EL DRAMATURGO DESPUÉS DE TERMINAR LOS ESTUDIOS DE ARTE
DRAMÁTICO
El joven dramaturgo, o autor teatral, ha aprendido los conocimientos necesarios
para desarrollar estructuras dramáticas y plasmarlas en forma de diálogo, utilizando
varias metodologías y sistematizaciones que le sirven para centrar su proceso creador.

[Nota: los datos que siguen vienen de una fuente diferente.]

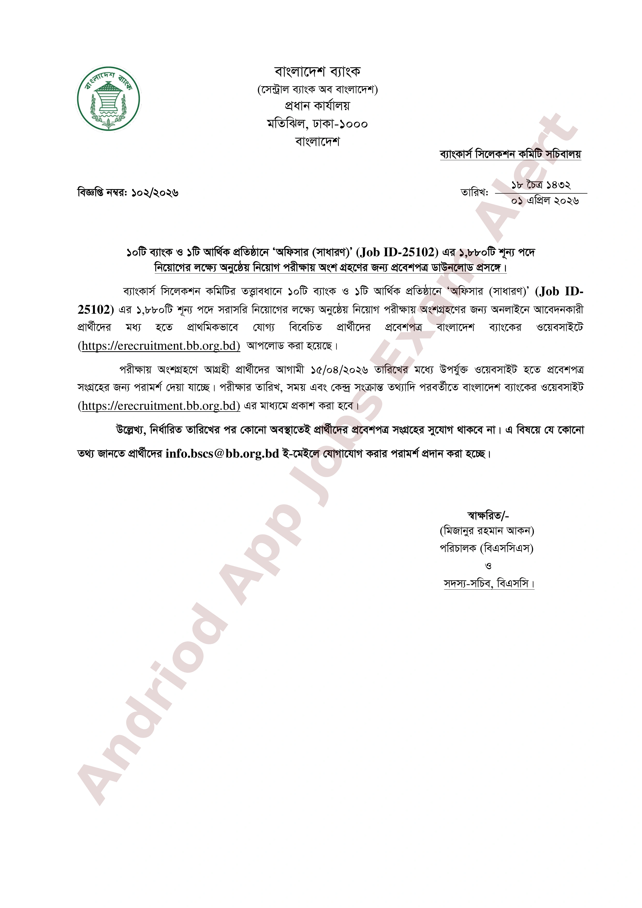 প্রবেশপত্র সংগ্রহের শেষ তারিখ: ১৫ এপ্রিল ২০২৬।

Como en todas la enseñanzas artísticas, lo que se aprende es básicamente a
analizar y estudiar modelos clásicos y representativos, así como últimas tendencias, y
a realizar prácticas que son rudimentos de aprendizajes con determinados modelos o
fórmulas. Pero es después, una vez que se terminan los estudios, cuando el artista va
tomando una línea, una personalidad, que determinará su propio proceso creador. Es
decir, su estilo.
El autor dramático debe activarse pero también debe ser activado. La creación
dramática no puede desarrollarse exclusivamente en la soledad creadora de la “mesa
de camilla”. Hay que buscar diferentes caminos dinámicos a través de equipos de
producción, de proyectos en los que acoplarse, de ofrecerse a inventar, lanzar,
hilvanar, promover, ordenar, dialogar…
Si es necesario activar a los nuevos autores, también es preciso mantener un
diálogo vivo con los ya existentes buscando que fluyan y se intercambien ideas entre
ellos…, sin dejar de conocer dramaturgias alejadas… Y zarandeando a políticos
culturales, creadores, directores de teatros, productores, animadores y gestores
culturales para que los textos de los nuevos autores lleguen a tomar cuerpo. Este es el
proceso para alcanzar en la realidad lo que algunos llaman en abstracto dramaturgia
andaluza.
Quiero exponer a la reflexión dos temas que desde mi faceta de autor y director
me llaman al análisis sobre los autores de teatro, y estos son: el espacio dramático
imaginario del autor, frente a la puesta en escena de las obras.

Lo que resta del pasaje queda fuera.